## Aim of the task
The copy you return must begin at the line containing "Air Quality Data" and end at the final line of the listing below, with every picture left out.

## Data excerpt
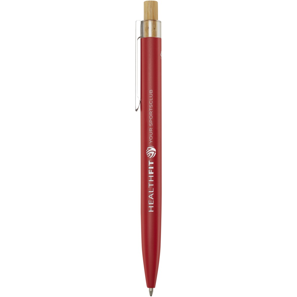 A Nooshin golyóstoll újrahasznosított alumíniumból készül, ami kevesebb energiát igényel, mint az alumínium nyersanyagból történő előállítása. Emellett csökkenti a hulladéklerakókba kerülő hulladék mennyiségét és hozzájárul a természeti erőforrások megőrzéséhez, amelynek célja az üvegházhatású gázok kibocsátásának csökkentése. A nyomógomb bambuszból készült. Tollbetét színe: kék. Íráshossz: 800 méter. Tollhegy mérete: 1,00 mm.
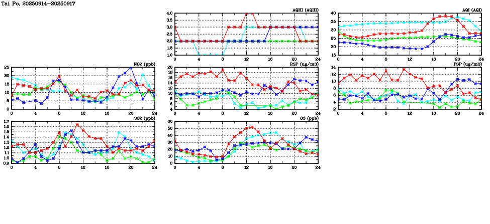 Air Quality Data Time Series in Tai Po (2025/09/17) | ( Line colors: Day -3 Day -2 Day -1 Current day ) | 2D Map Current AQHI |
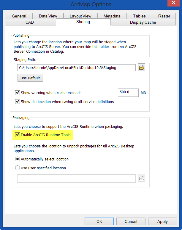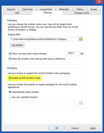 Step 3. Enable Share As Tile Package. The option to Share As Tile Package will not be available unless you have enabled the ArcGIS Runtime tools. In the Customize tab, choose ArcMap Options…

## Solution for this exercise
 Air Quality Data Time Series in Tai Po (2025/09/17) | ( Line colors: Day -3 Day -2 Day -1 Current day ) | 2D Map Current AQHI |
 Step 3. Enable Share As Tile Package. The option to Share As Tile Package will not be available unless you have enabled the ArcGIS Runtime tools. In the Customize tab, choose ArcMap Options…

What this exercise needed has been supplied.